Intuition behind multiplication I recently read this post and the highest voted comment and it got me thinking. How does think about multiplication if it is decimals?
For example, if we have $3.9876542 \times 2.3156479$ then how would we multiply that? It doesn't make a lot of sense to add $3.9876542$, $2.3156479$ times. Then how would you think about multiplying that i.e. what's the intuition of behind that?
Thanks!
 A: It's the area of a rectangle with side lengths $3.9876542$ and $2.3156479$.

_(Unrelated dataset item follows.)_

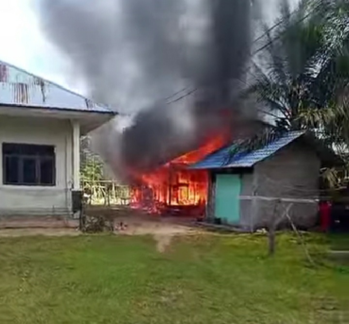 Satu unit rumah di Kompleks Pesantren Darul Istiqamah, Desa Gosong Telaga Timur (GTT), Kecamatan Singkil Utara, Kabupaten Aceh Singkil, Senin (27/10/25) sekitar pukul 11.00 WIB.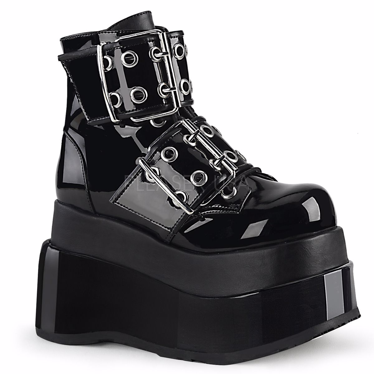 4 1/2" (114mm) Tiered Platform Lace-Up Front Ankle Boot Featuring Double Grommet Buckle Straps, Inside Zip Closure

A: A rectangle with sides $3.9876542\,\mathrm m$ and $2.3156479\,\mathrm m$ can be viewed as $3987654200$ by $2315647900$ namometers instead. Then you can actually count all thos tiny square-nanometers (or simplify this by repaeted addition!) and obtain an area of $9234003074156180000\,\mathrm{nm}^2$. Since there are $1000000000000000000\,\mathrm{nm}^2$ in each $\mathrm  m^2$, you end up with $9.23400307415618\,\mathrm m^2$ and thus we should have $3.9876542\cdot 2.3156479 =  9.23400307415618$.
A: The term "decimal" is an abbreviation for decimal fraction. 
And  $3.9876542$ is a convenient abbreviation for $\dfrac{39876542}{10000000}$.
It is not difficult to give meaning to $\dfrac{a}{b} \cdot \frac{c}{d}$, where $a,b,c,d$ are positive integers. Area is a good choice. So is distance travelled if speed is $\frac{a}{b}$ and time is $\frac{c}{d}$.   
A: Just think in terms of fractions.  With fractions, multiplication can be interpreted as meaning "of", like usual.  For example, $\frac23 \times \frac57$ is $\frac23$ of $\frac57$ -- and if you didn't know how to multiply fractions, you could draw a picture or slice up a cake to figure out the answer.